January 5, 2013 | Permalink | No Comments
January 4, 2013
Exceptions for Mortgagee’s Lack of Standing to Challenge Assignments in Texas
In Kramer v. Federal National Mortgage Association, et al., No. A-12-CA-276-SS (W.D. Tex May 15, 2012), the Western District Court in Austin, the home owner sued Fannie Mae, MERS, and Countrywide to quiet title and for a fraudulent foreclosure. Although the case was initially in state court, it was removed to federal court because of the diverse jurisdiction (i.e. the different state residency) of the plaintiff and defendants. The Court listed exceptions to the general rule that mortgagees lack standing to challenge assignments of the deed of trust. However, it ultimately granted the defendant’s motion to dismiss the home owner’s claims.
Kramer alleged that the assignment of the note and deed by trust from MERS was signed by a “notorious robo-signer” who did not have authority to execute the assignment. As a result, no conveyance could have occurred and any subsequent actions should be void. The defendants argued that Kramer lacked standing to challenge the assignments because he was not a party to them. Kramer relied on a California District court case (Johnson v. HSBC Bank USA, National Association), which was distinguished based on Johnson’s reliance on California law and on the facts of the case (the Court distinguished the same case in Bridges v.

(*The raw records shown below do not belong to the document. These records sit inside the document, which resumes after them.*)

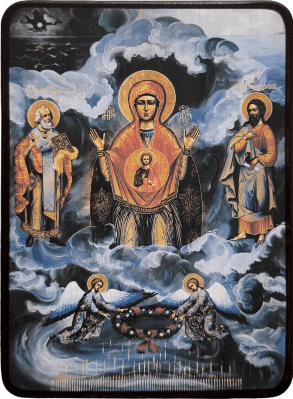 10 августа 2003 года, в канун годовщины печального события, икона была передана в Свято-Никольский храм посёлка Видяево. На образе на фоне морских волн изображено «Знамение Пресвятой Богородицы». Рядом с Божией Матерью стоят покровитель моряков Святитель Николай Чудотворец и святой апостол Андрей Первозванный. Внизу два ангела опускают в воду траурный венок и 118 зажжённых свечей – по количеству погибших подводников.
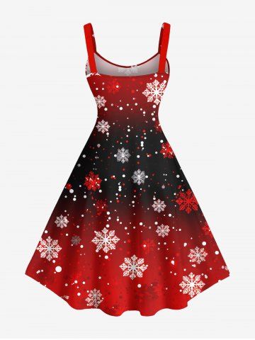 Plus Size Christmas Snowflake Ombre Colorblock Print Tank Dress - Red - 1x
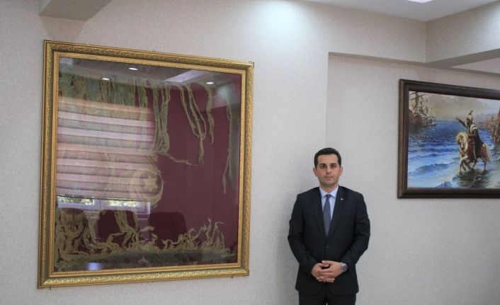 Bursa’da 130 yıl önce Sultan Abdülhamit Han tarafından Harmancık Beyine gönderilen tarihi sancak Kaymakamlık Makamına asıldı.
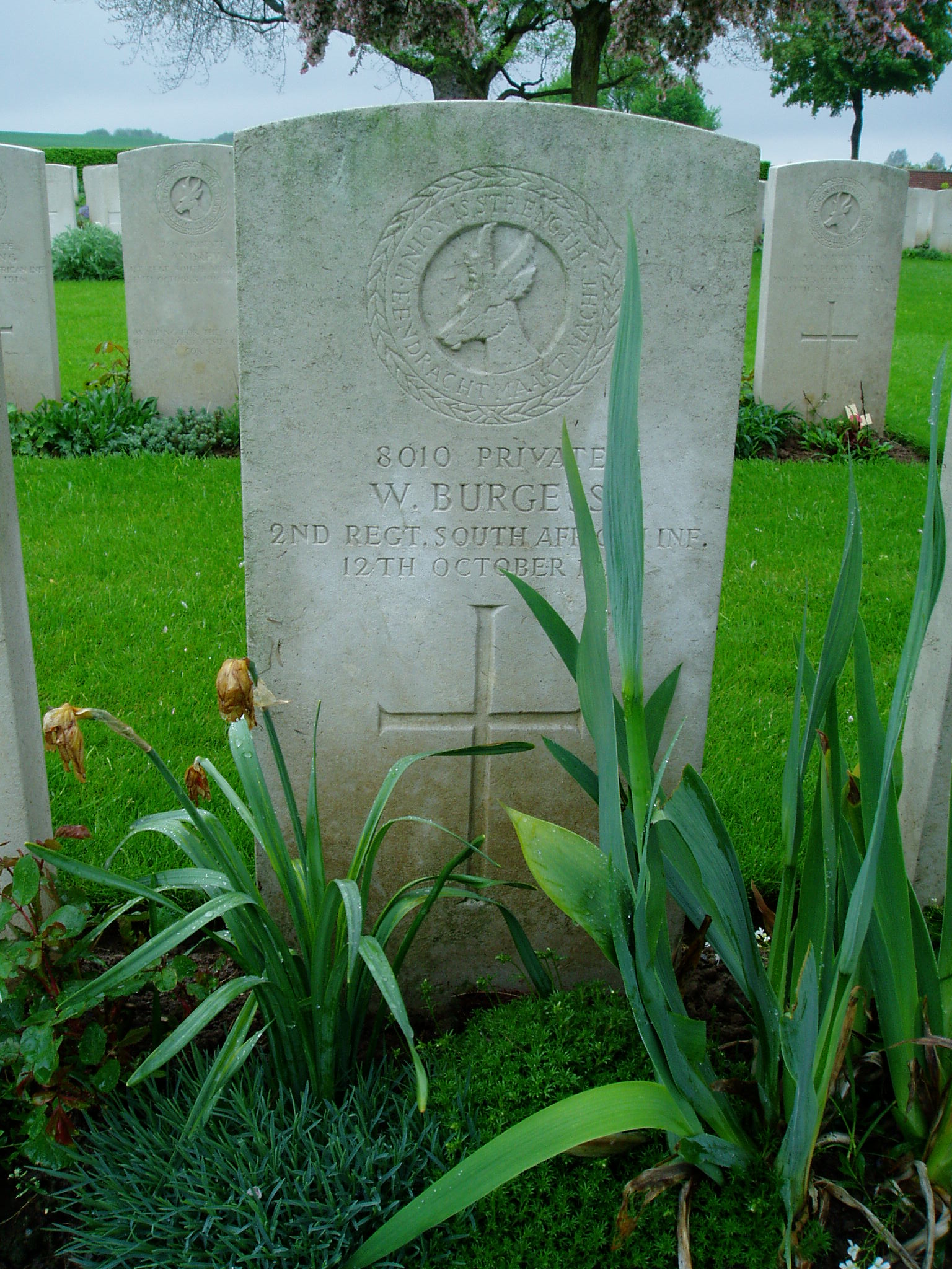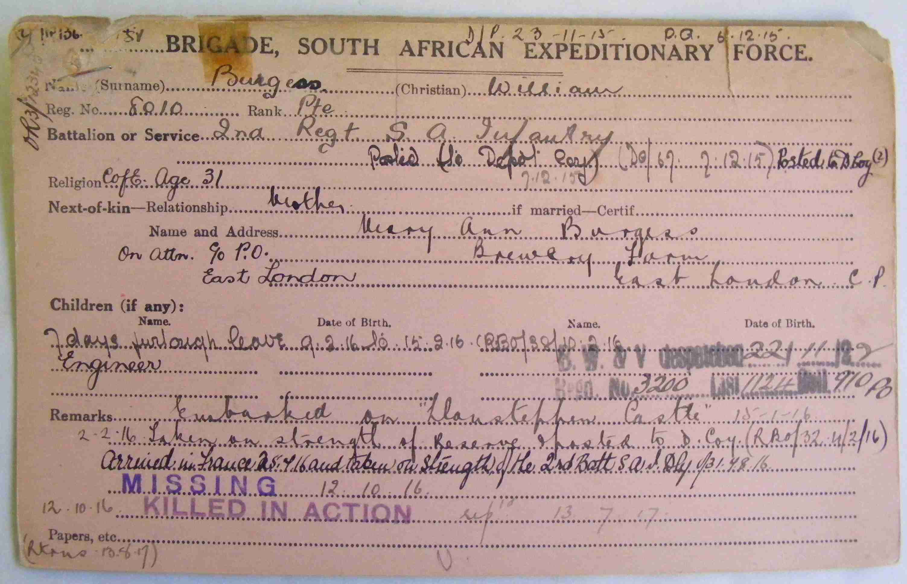 Son of Mr. F. and Mary Ann Burgess, of 31, Moore St., Quigney, East London, South Africa. His brother also died in service. Fought in Delville Wood in July 1916. |

JP Morgan Chase Bank, N.A., et al.).
However, the Court does list two exceptions to the general standing rule. The first exception is “where an assignee of a claim sues the obligor for performance.” This exception is done to ensure that the obligor does not have to pay the same claim twice. (See Tri-Cities Constr., Inc. v. Am. Nat’l Ins. Co., 523 S.W.2d 426, 430 (Tex. Civ. App. —Houston 1st Dist. 1975, no writ)). A second exception allows a defendant sued on a negotiable instrument to assert defenses and claims held by others if the other person is joined in the action and personally asserts the claim against the person entitled to enforce the instrument. (See Tex. Bus. & Com. Code § 3.305(c)).
In this case, the obligor of the instrument (the owner who signed the deed of trust and note) is not at risk of paying the loan obligation twice and he is the plaintiff, not the defendant. As a result, the exceptions do not apply to him.
Since the exceptions did not apply to Kramer, he did not have standing to challenge the assignments of the note and deed of trust. As a result, his claim was ultimately rejected and the defendant’s motion to dismiss the suit was granted.
January 4, 2013 | Permalink | No Comments
Arizona 9th Circuit Bankruptcy Appellate Proceeding Finds Lack of Standing with Absence of Mortgage Note
In In re Veal, 450 B.R. 897 (B.A.P. 9th Cir. 2011) the court held that a party has standing to prosecute a proof of claim involving a negotiable promissory note secured by real property if, under applicable law, it is a “person entitled to enforce the note” as defined by the Uniform Commercial Code. Here, Wells Fargo Bank lacked standing because the purported assignment from Option One Mortgage Corporation to Wells Fargo did not contain language effecting an assignment of the Note. The reference in the Note served only to identify the Mortgage and once the Note is separated from the Mortgage, the Note becomes unsecured.